§ INFORMATION:
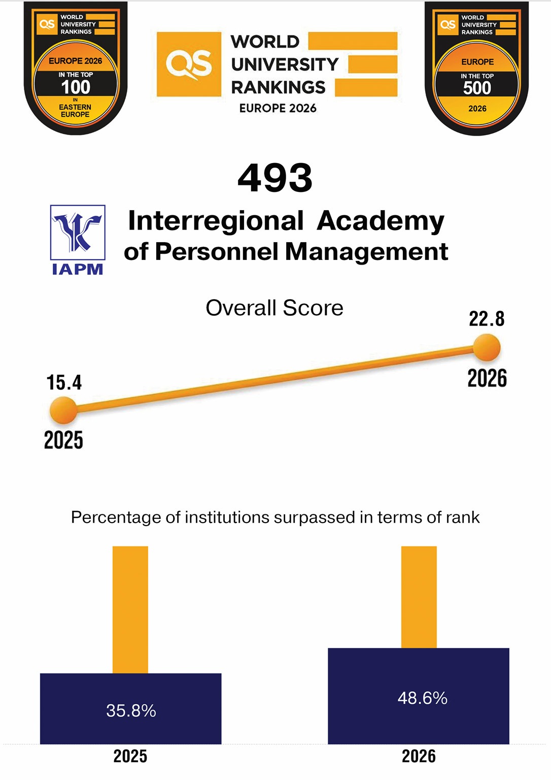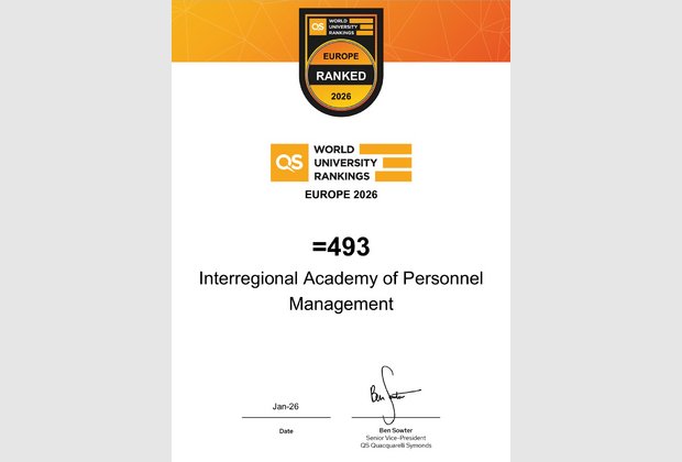 Міжрегіональна Академія управління персоналом продемонструвала вагомий прогрес у престижному міжнародному рейтингу QS World University Rankings: Europe 2026, посівши 493 місце серед університетів Європі. Крім того, Академія відзначена серед ТОП-100 закладів Східної Європи.
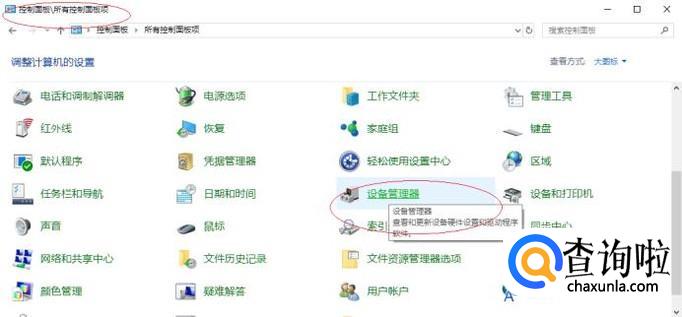 唤出"控制面板"程序窗口,如图所示。点击"设备管理器"图标,查看和更新设备硬件设置和驱动程序软件。
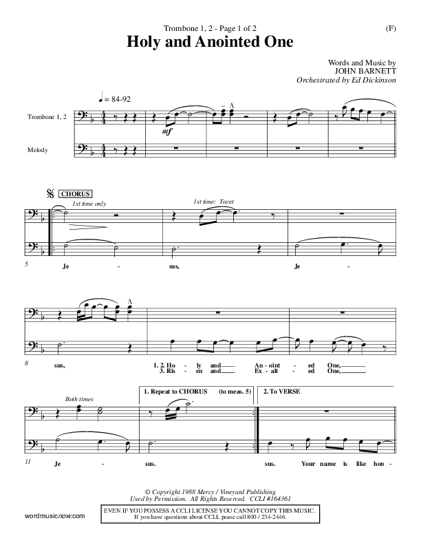 Download the Trombone 1,2 sheet music for Holy And Anointed One by John Barnett, from the album Word Music Now.
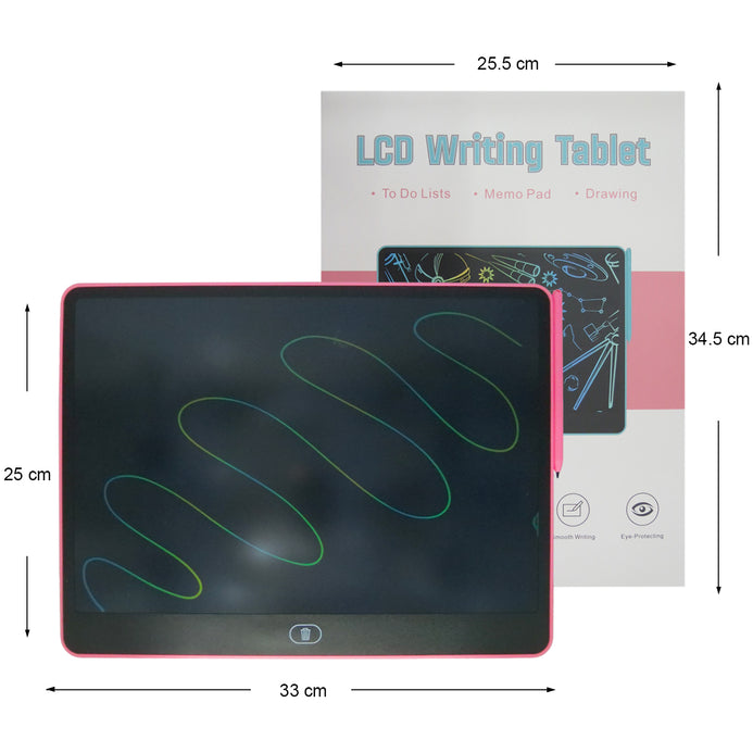 Tableta de escritura LCD colorida de 33 cm Largo por 25 cm ancho, para niños y niñas es un juguete creativo de educación y aprendizaje, soporte perfecto para dibujar, escribir, ortografía, matemáticas, comentarios y notas que pueden permitir que tus hijos liberen libremente sus instintos naturales. Con botón de borrado en la parte delantera e interruptor de bloqueo. Puedes dibujar y borrar fácilmente presionando el botón en la parte frontal del tablero. El bolígrafo se ajusta cómodamente en la parte superior de la tableta y no se afloja.
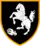 Insigne d'épaule de la 1re brigade de chars : un destrier cabré, portant une barde (armure) ; les couleurs sable et orangé rappellent la Garde.
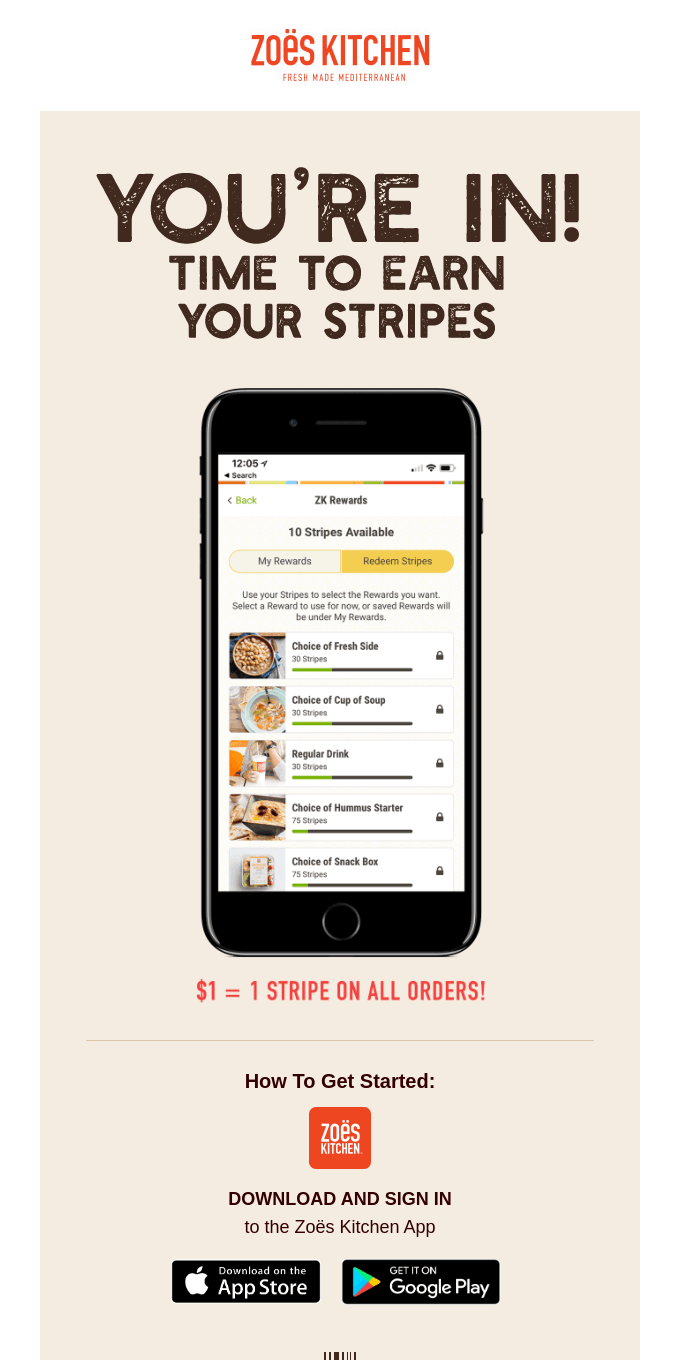 為什麼這個歡迎電子郵件示例有效:這個超清晰和簡約的歡迎電子郵件顯示而不是告訴收件人下一步。 Zoe's Kitchen 沒有使用分步指南或要點,而是通過高質量的圖形和消息末尾清晰的 CTA 按鈕向人們展示瞭如何贏得條紋。
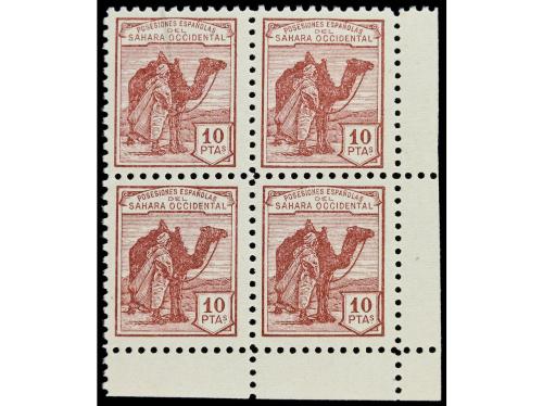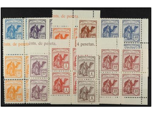 ** COLONIAS ESPAÑOLAS: SAHARA. Ed. NE 1/10. SERIE COMPLETA, 10 valores NO EXPENDIDOS. Bloques de cuatro. Dos sellos de 10 pts. marcas en la goma. EXAMINAR. Cat. +1.540€.
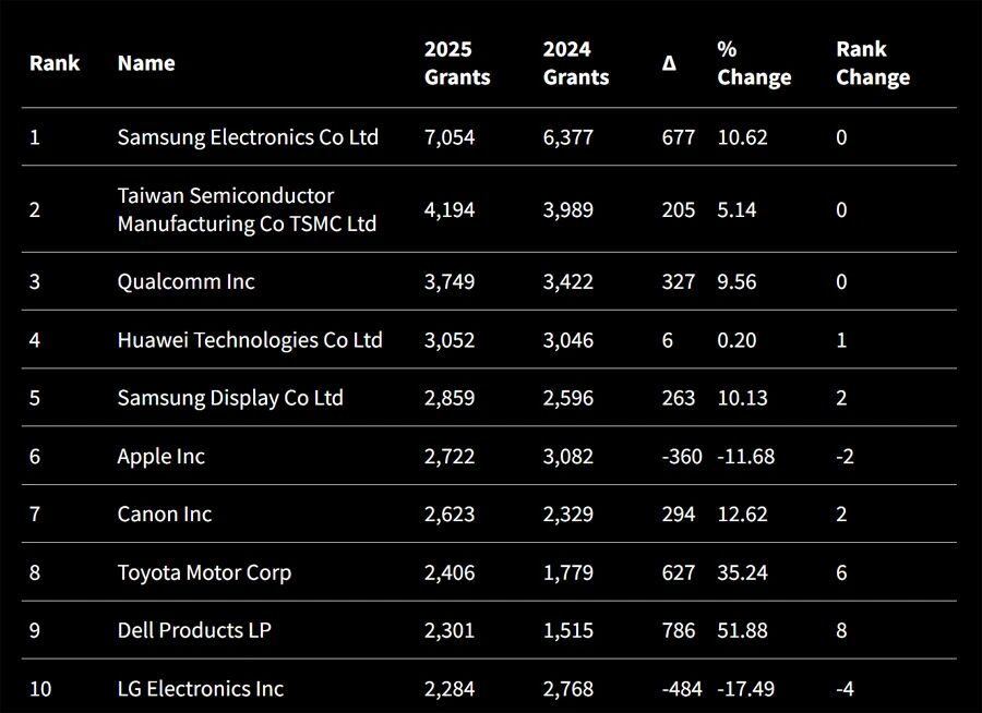 2025年美国专利申请量50强榜单,华为、京东方、中兴、腾讯上榜
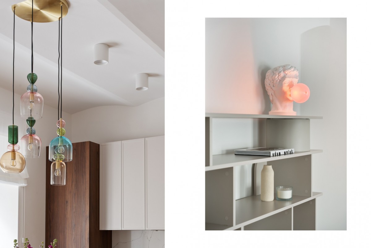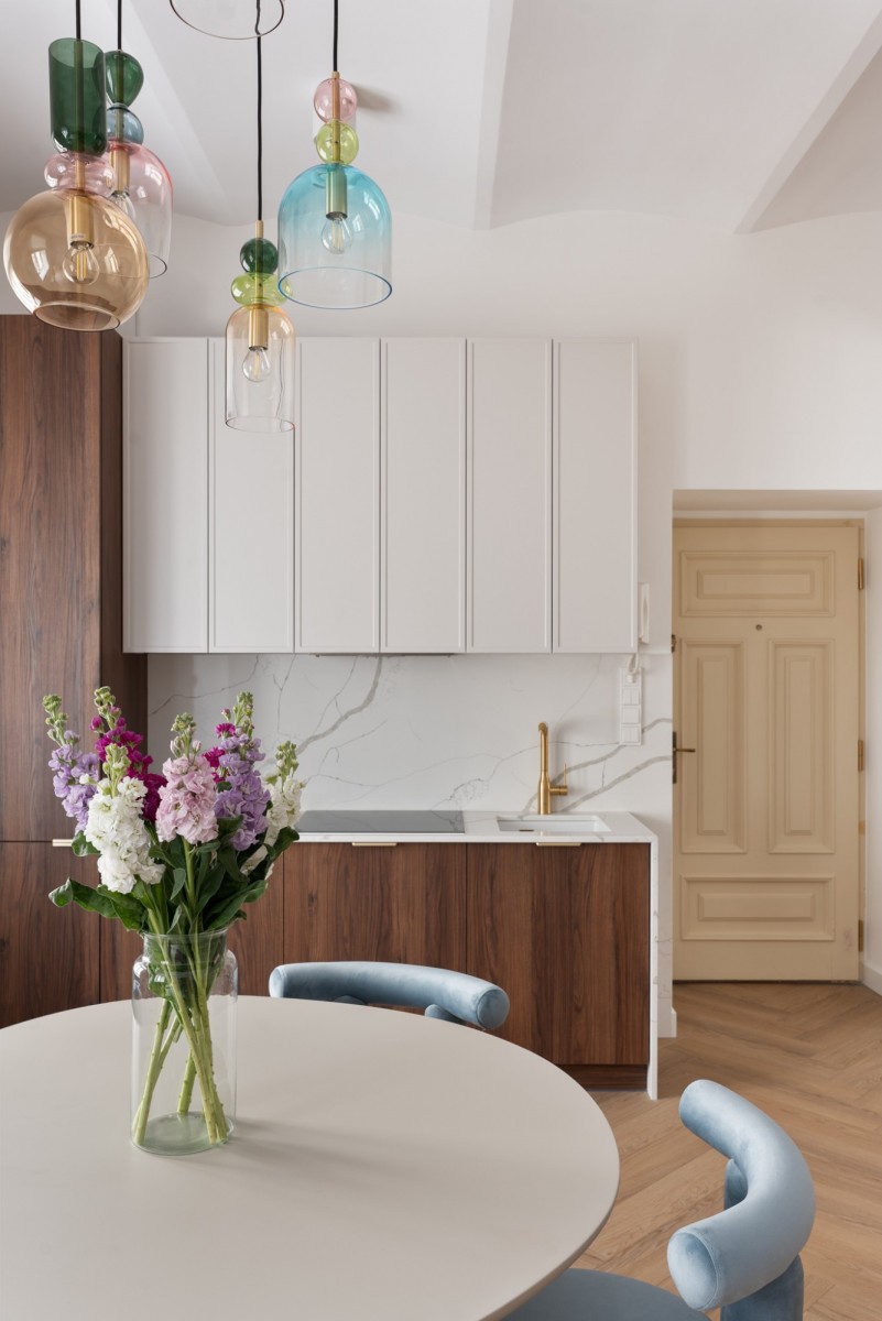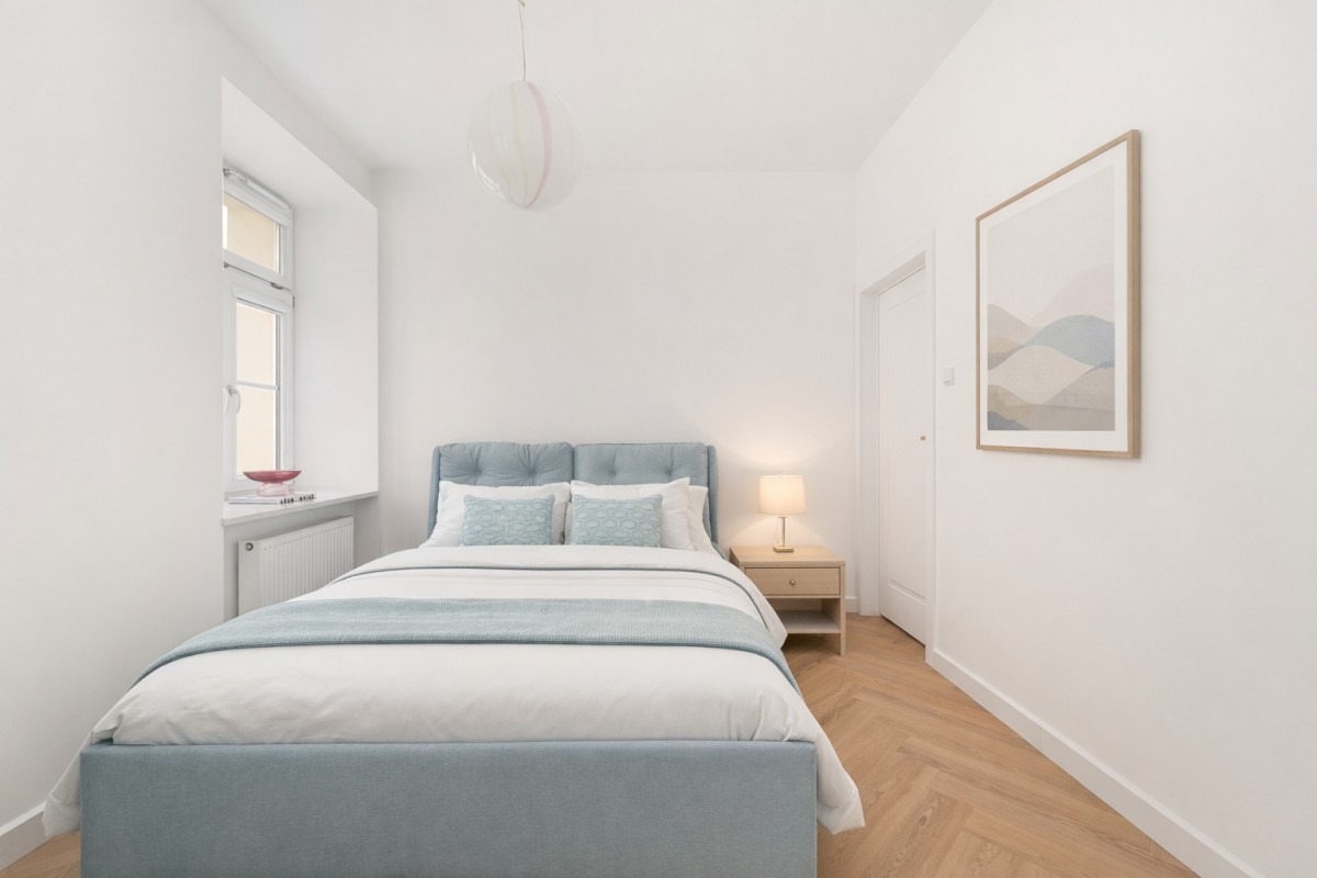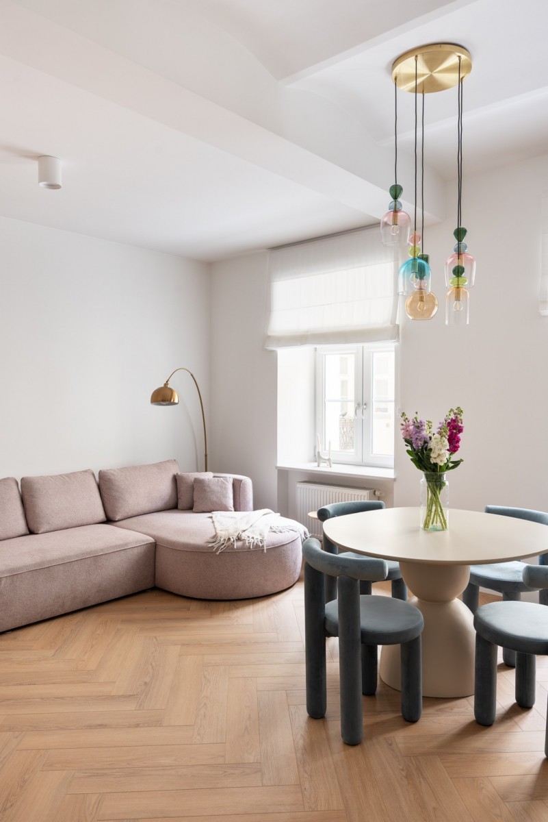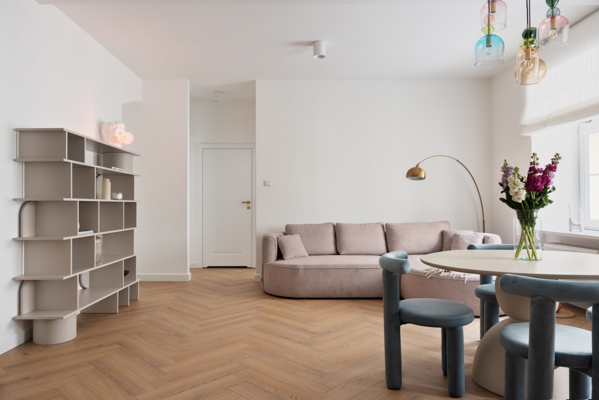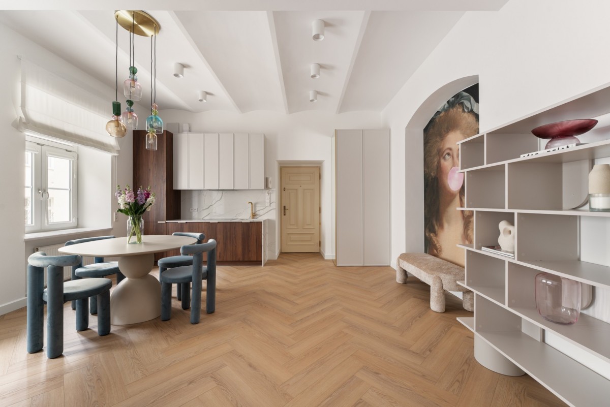 Mieszkanie zostało wykończone w najwyższym standardzie, z drewnianą podłogą ułożoną w jodełkę. Wnętrze jest klimatyczne i spójne stylistycznie.
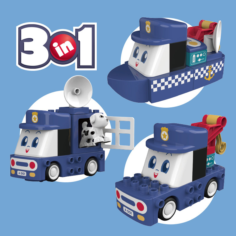 萌車小隊,是一款智能電子積木。采用三合一設計,一輛萌車,可拼搭成3種不同造型。擁有豐富的主題場景,激發寶寶自由想象和積極探索。配套動感驅車座,內含電子模塊,可以360度動感轉向,還能播放音樂音效,讓寶寶拼好的積木動起來。
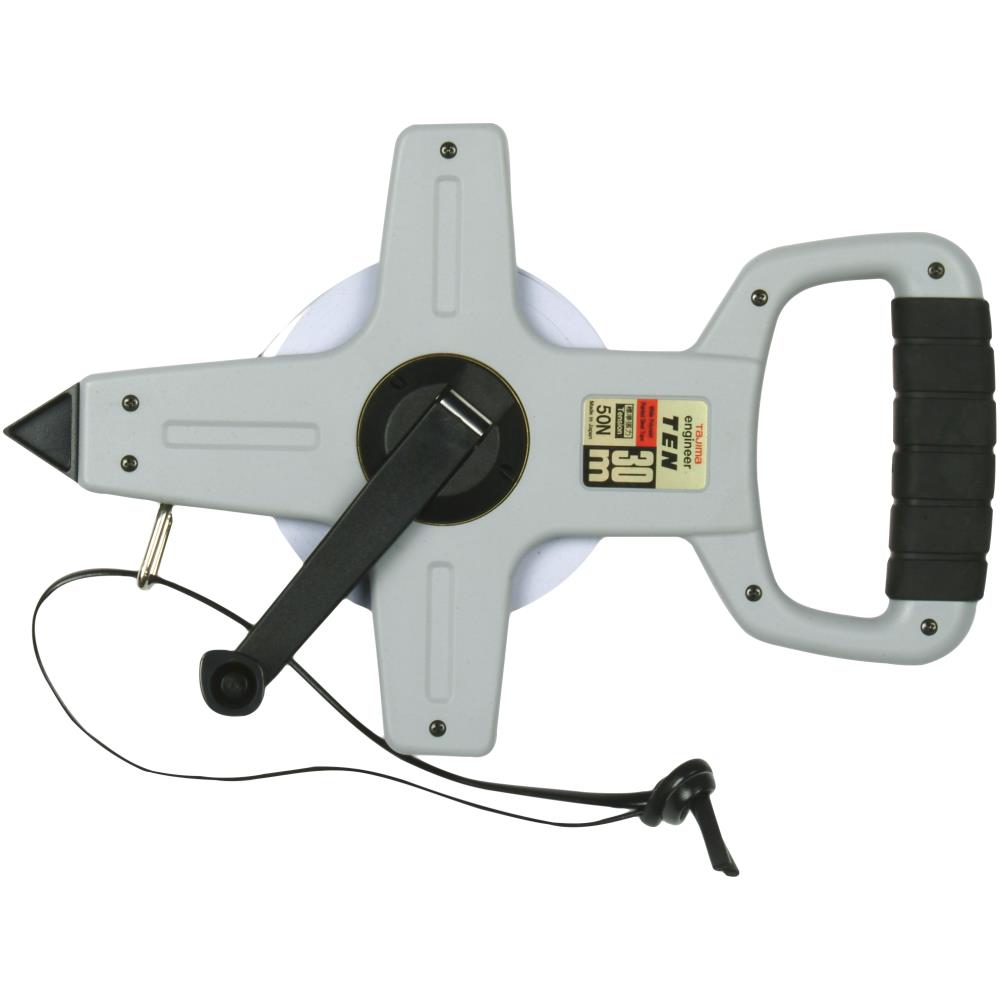Engineer Ten stålbåndmål monteret på krydsramme i slagfast ABS plast. Sammenklappelig greb til oprulning. 13 mm båndbredde. Hvid bånd med millimeter inddelt skala. Med nulpunkt i ringens yderkant. Tåler 50N træk uden deformering. Godkendt efter JIS1. Fås i flere længder.

§ AIM OF THE TASK:
In the entries above, find the line containing "萌車小隊,是一款智能電子積木"; transcribe exactly that line and every line after it through the end, and only those, omitting pictures.

§ WRITTEN SOLUTION:
 萌車小隊,是一款智能電子積木。采用三合一設計,一輛萌車,可拼搭成3種不同造型。擁有豐富的主題場景,激發寶寶自由想象和積極探索。配套動感驅車座,內含電子模塊,可以360度動感轉向,還能播放音樂音效,讓寶寶拼好的積木動起來。
Engineer Ten stålbåndmål monteret på krydsramme i slagfast ABS plast. Sammenklappelig greb til oprulning. 13 mm båndbredde. Hvid bånd med millimeter inddelt skala. Med nulpunkt i ringens yderkant. Tåler 50N træk uden deformering. Godkendt efter JIS1. Fås i flere længder.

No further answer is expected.